*** Opening Recorded information ***

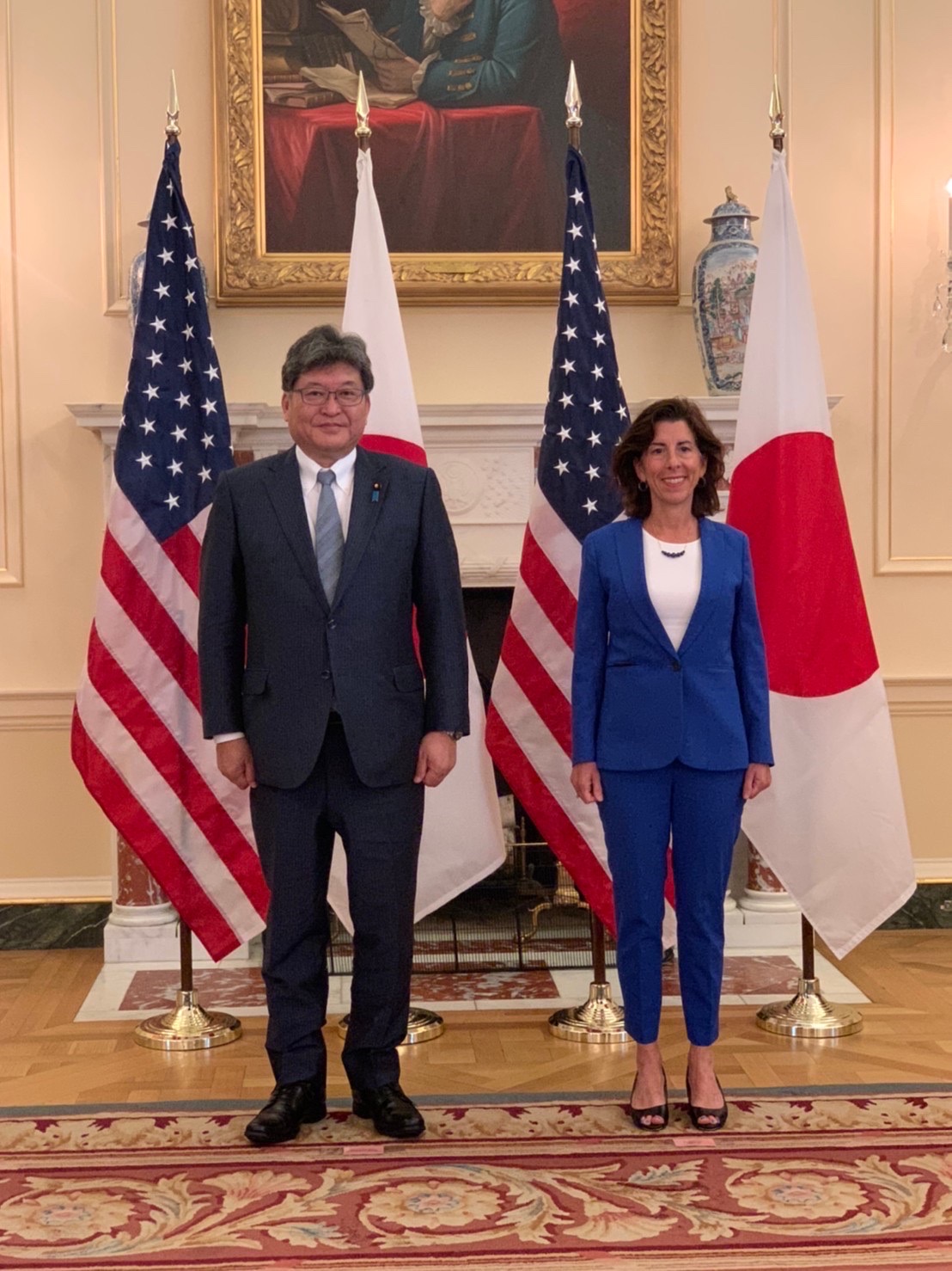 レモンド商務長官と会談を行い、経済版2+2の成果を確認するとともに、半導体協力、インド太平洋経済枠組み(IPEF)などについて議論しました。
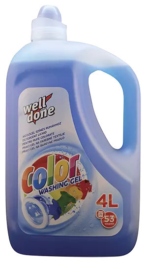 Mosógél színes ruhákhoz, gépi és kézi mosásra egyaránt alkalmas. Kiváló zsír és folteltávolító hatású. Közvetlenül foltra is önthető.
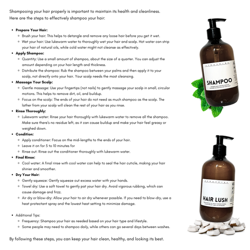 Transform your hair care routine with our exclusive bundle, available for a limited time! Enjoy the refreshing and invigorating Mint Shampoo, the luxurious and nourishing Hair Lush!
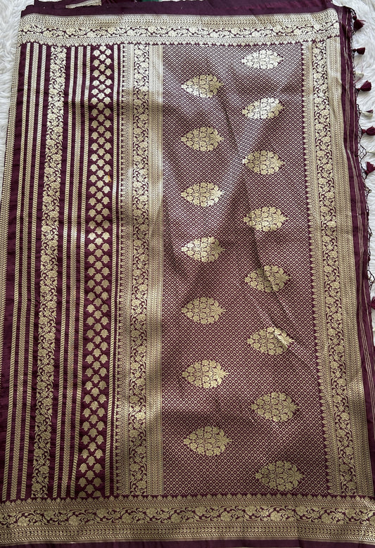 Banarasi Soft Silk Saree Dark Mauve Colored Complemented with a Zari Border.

*** Closing Recorded information ***

▶ **Required work**:
Return the listing exactly as it appears, excluding any image.

▶ **Solution to the exercise**:
 レモンド商務長官と会談を行い、経済版2+2の成果を確認するとともに、半導体協力、インド太平洋経済枠組み(IPEF)などについて議論しました。
 Mosógél színes ruhákhoz, gépi és kézi mosásra egyaránt alkalmas. Kiváló zsír és folteltávolító hatású. Közvetlenül foltra is önthető.
 Transform your hair care routine with our exclusive bundle, available for a limited time! Enjoy the refreshing and invigorating Mint Shampoo, the luxurious and nourishing Hair Lush!
 Banarasi Soft Silk Saree Dark Mauve Colored Complemented with a Zari Border.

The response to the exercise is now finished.